I agree that reduces the risk considerably. I think there are cases where the benefits of some amount of privacy-even-when-you’re-maybe-harming-people between friends are worth the risks (but the exact amounts of benefit, risk, and secrecy are up for debate in any given case, and by default I won’t agree to keep secrets that leave me impotent as people are harmed).
Things I’ve found helpful with the trade-off:
Having confidentiality only extend to people in the same social network, so the secret-keeping friend can get a sanity check without imperilling the one sharing the secret.
Confidentiality only extends to things they tell you under confessional. It doesn’t inhibit you from sharing things you noticed on your own or repeating things other people said, even if they point to the same conclusion as the secret.
I’ll note that while the latter is sane, it leads to potential issues with Parallel Construction, which I would expect a bad actor to almost certainly engage in.
It’s plausible that literal priests and therapists have useful knowledge about this that you could find out by googling and talking to acquaintances, respectively.
I don’t know how it works for therapists, but I know a bit about the priest situation.
Catholics take the relationship pretty seriously. Priests are supposed to give up their own life rather than violate the confidentiality of confession.
Civil law largely takes its lead from the Catholic church by carving out an exception so Catholic priests aren’t forced to constantly refuse to testify and find themselves in contempt of court.
However the exception is not complete. In various localities there are carve outs for mandatory reporting about things like child abuse. Catholic priests are supposed to keep the secret anyway and go to jail for violating the law if they refuse to testify.
Other religions are less strict. For example, in my experience with Zen, dokusan (“going alone to the teacher”, i.e. a private conversation between teacher a student about practice) is legally protected the same way confession is. Within our tradition there’s a more standard assumption of privacy with a somewhat reasonable expectation that things might be shared among other teachers via your teacher asking for advice or reporting dangerous things to authorities, but it’s not absolute like in Catholicism.
However it’s very easy to break the confidentiality rules of confession-like situations. In particular, my understanding is that if a person ever talks about what is discussed in there at all to anyone else, they forfeit the right to confidentiality all together under the law and the priest/etc. can be compelled to testify (civilly, anyway; Catholic priests are still not supposed to, as I understand it, and can be excommunicated if they do).
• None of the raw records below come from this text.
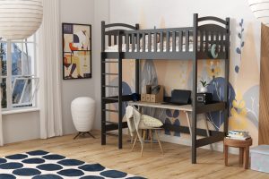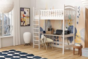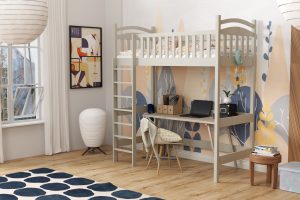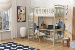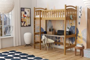 - Przeznaczenie: łóżko z antresolą – idealne do pokoju dziecięcego, zapewnia przestrzeń do spania oraz strefę zabawy lub nauki pod spodem
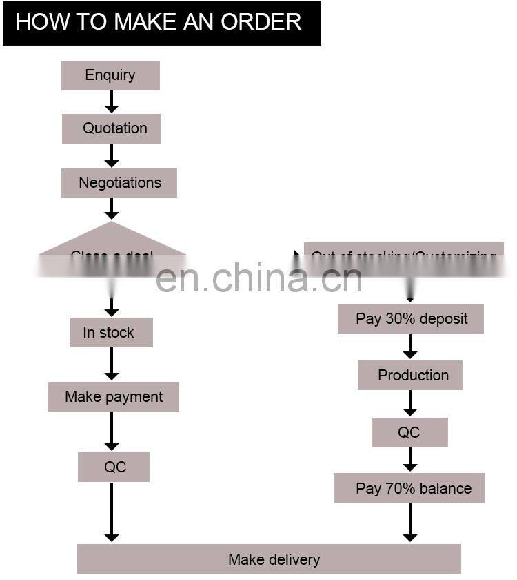 Send inquiry----Quotation-----Confirm the quotaiton-----Receiving PI--------Payment for deposit or full amount----------Bulk production----------Quality control--------Delivery
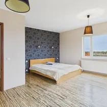 Suurest magamistoast ja vannitoast viivad uksed rõdule, kust avaneb ilus vaade aeda. Lisaks on teisel korrusel suur ja mahukas garderoob-majapidamisruum, kuhu mahub pesumasin, riided ja kõik muu vajalik.
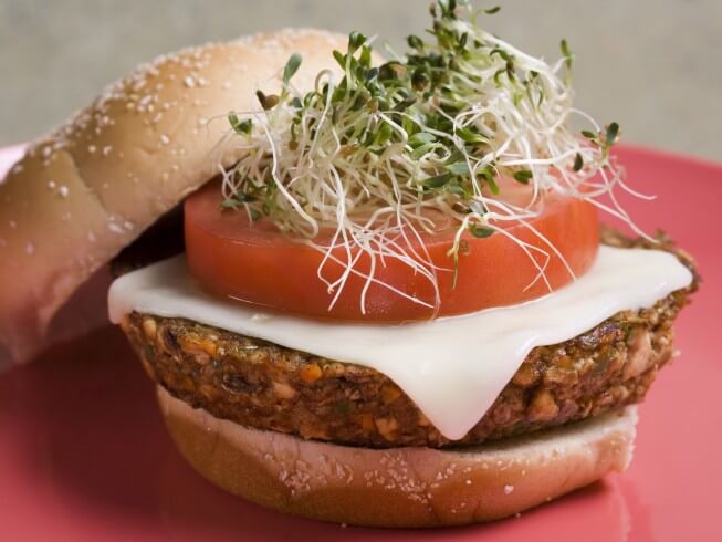 Bulgur, soaked oats and mushrooms help make this Gardenburger clone a hearty veggie patty. Brown them, bake them, then load them up with toppings!
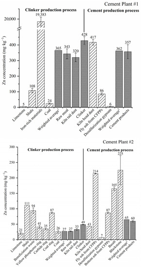 For most raw/alternative materials (limestone, yellow phosphorus slag, carbide slag) and coal, the concentration of Zn was relatively low (<50 mg·kg−1), while raw materials like shale, beneficiation waste and coal slag contained slightly higher concentrations of 90–110 mg·kg−1 (Figure 1 and Table A1). Astonishingly, iron-rich materials from the nonferrous smelting slags had the highest Zn concentration of 19,383 mg·kg−1 or 1.9 wt%, which was 2–3 orders magnitude higher than for the other raw materials. The weighted Zn concentration in different CP#1 and CP#2 raw materials was 365 and 27 mg·kg−1, respectively.
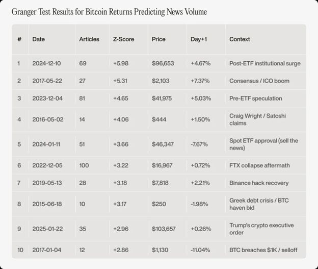 Более глубокий анализ доказывает, что криптоновости, которые рынок привык воспринимать как сигналы, не задают прогнозируемый вектор для дальнейшего движения биткоина. Авторы отчёта изучили эту связь с помощью:
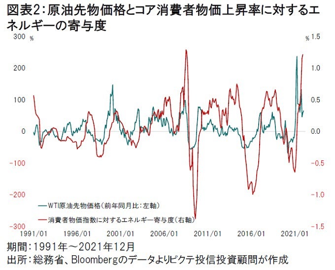 消費者物価統計におけるエネルギーのコア消費者物価への寄与度は、概ね原油市況と連動してきた(図表2)。今後、価格の上昇率は縮小しても、原油、石炭、天然ガス市況のじり高傾向が続けば、燃料コストの上昇により、エネルギーの物価全体への寄与度はプラス圏を維持するだろう。
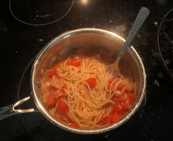 - Stir until all the spaghetti is coated with the sauce/tomatoes. Make sure you let the pasta simmer for a bit with the basil in it.
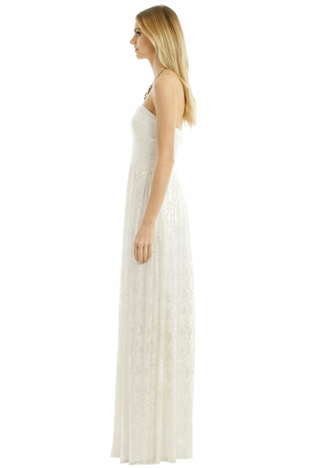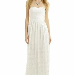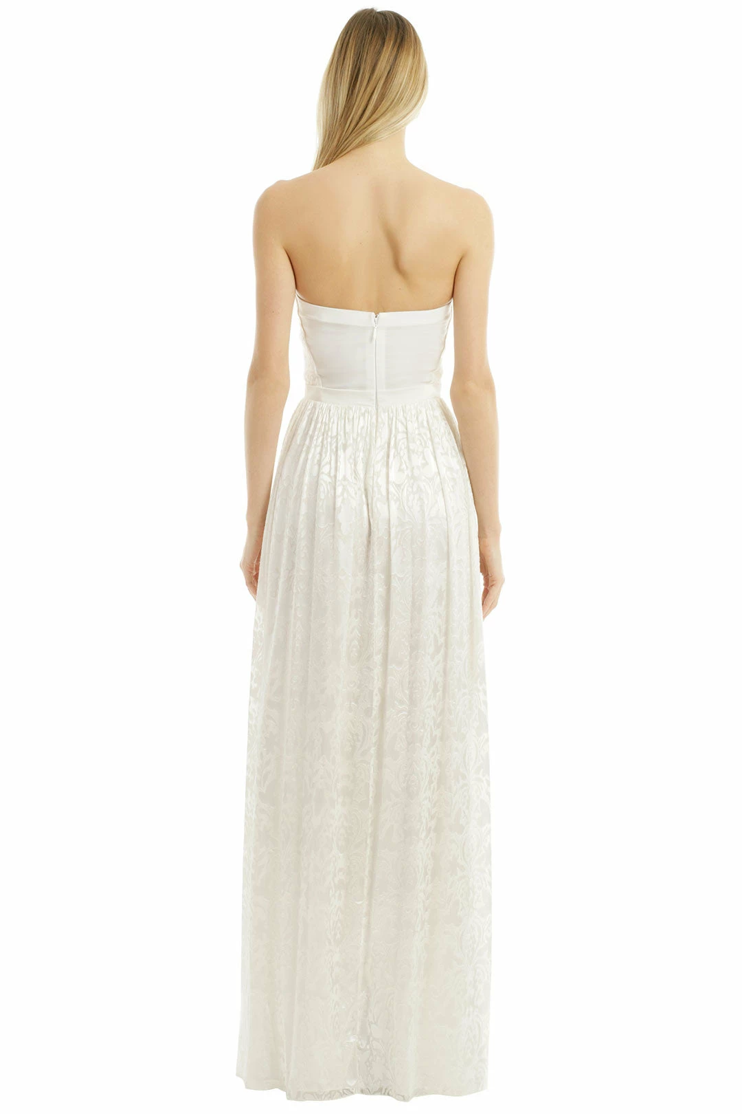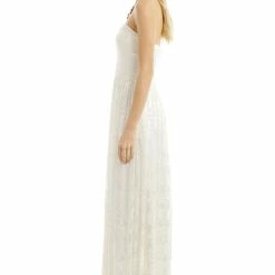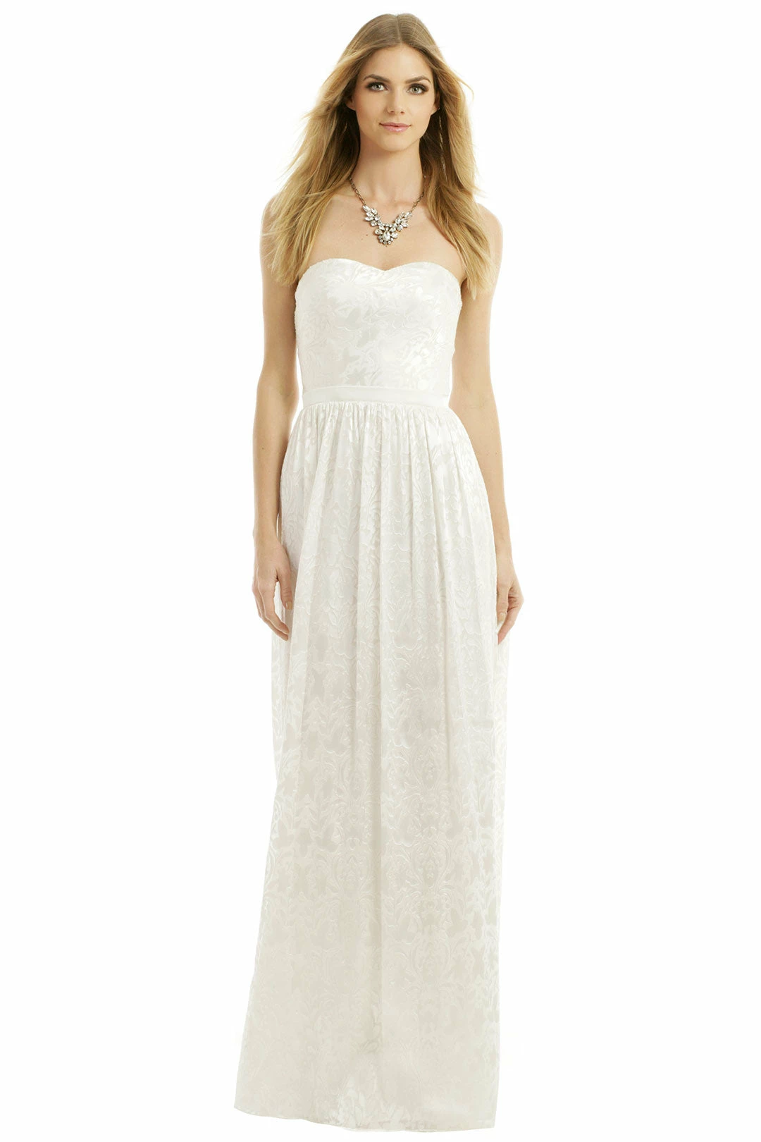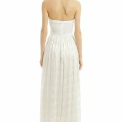 Inspired by a garden bursting with blooms, we love the unique floral burnout pattern and sheer back panel on this floor-skimming dress from Erin Fetherston.  Make a stunning statement in this gown by ERIN Erin Fetherston. The burnout texture in stark white will flow beautifully through the event – great for a beach bride!

In the end the choice the Catholic church makes is an absolute one based on being able to grant a religious sacrament. Others make somewhat less absolute guarantees of confidentiality that nonetheless are enough to enable someone to speak openly in ways that they wouldn’t without such protection, but not in such an absolute way that reasonable harm cannot be avoided, as in the Catholic situation.
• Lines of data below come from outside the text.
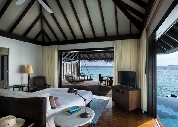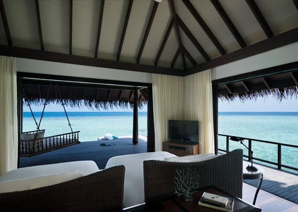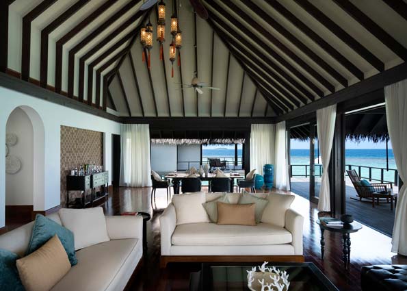 此房型以宁静的蓝色和绿色为基调,采用抛光木质室内装潢,拥有户外沙发床、宽敞明亮的起居室,是期望入住豪华水上别墅的客人的理想选择。 傍晚时分,在水上用餐亭享用私人日落晚餐——脚下黑影一闪,姿态优雅的毯魟游过地板的海景玻璃下面。 每栋水上小屋都专门配备私人管家,一天24小时随时待命,提供贴心服务。
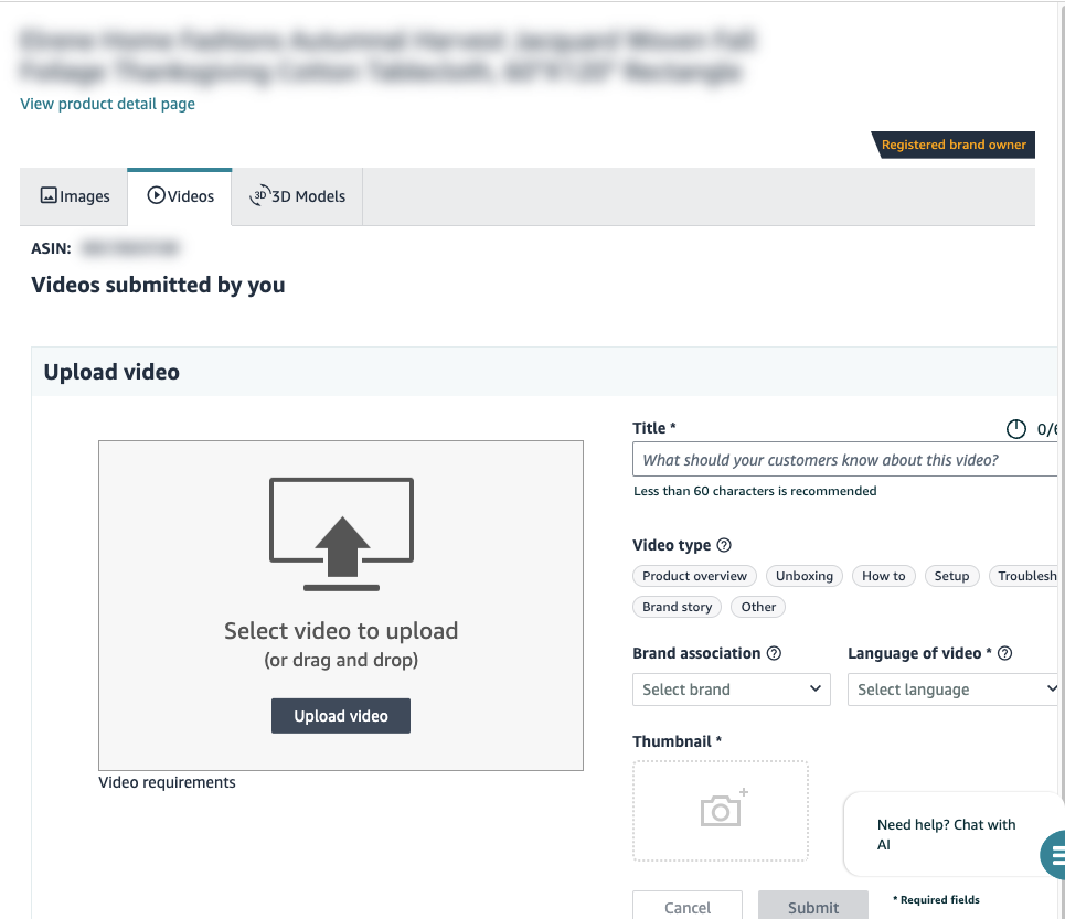ASINs where the video should be displayed on the PDP.
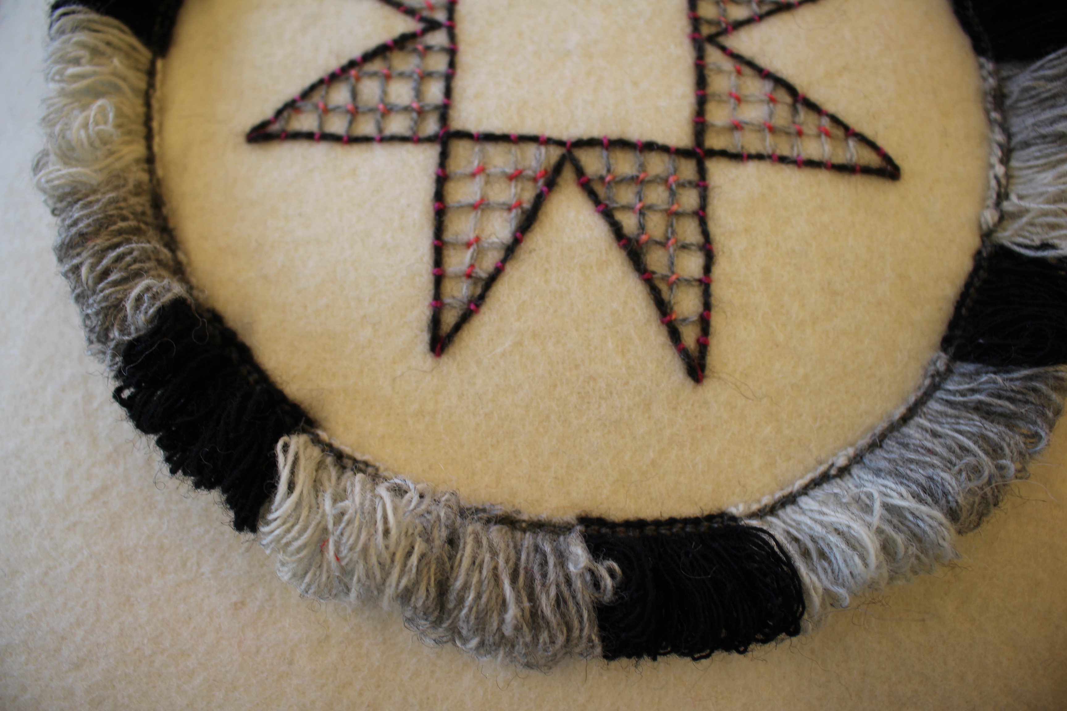 På ”show-and-tell” visade Klara, en av mina kurskamrater, hur hon syr fast speglar med hjälp av pärlor:
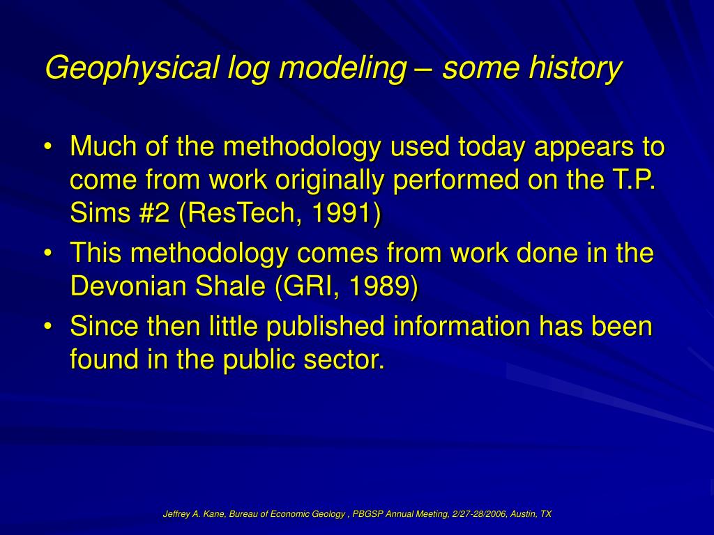 Geophysical log modeling – some history • Much of the methodology used today appears to come from work originally performed on the T.P. Sims #2 (ResTech, 1991) • This methodology comes from work done in the Devonian Shale (GRI, 1989) • Since then little published information has been found in the public sector. Jeffrey A. Kane, Bureau of Economic Geology , PBGSP Annual Meeting, 2/27-28/2006, Austin, TX

When I imagine a situation with a priest, I imagine that there’s exactly one priest and common knowledge of who it is. Which seems like it changes things a bit.
“Whoa, why are you telling me this? Why not go to the priest?”
No ability to share small amounts of detail with one priest, different small amounts with another priest. Or to test the waters with one and see how they’re likely to react to the more damaging stuff.
What about the victims here? (Acknowledging that that word might not be entirely appropriate.) I feel like some of what protects people is the thought “I don’t like what person did to me but it’s not worth ruining their life over”. But you can tell a priest about that kind of thing, and if everyone tells the same priest… I dunno, but I like of feel like the priest does something?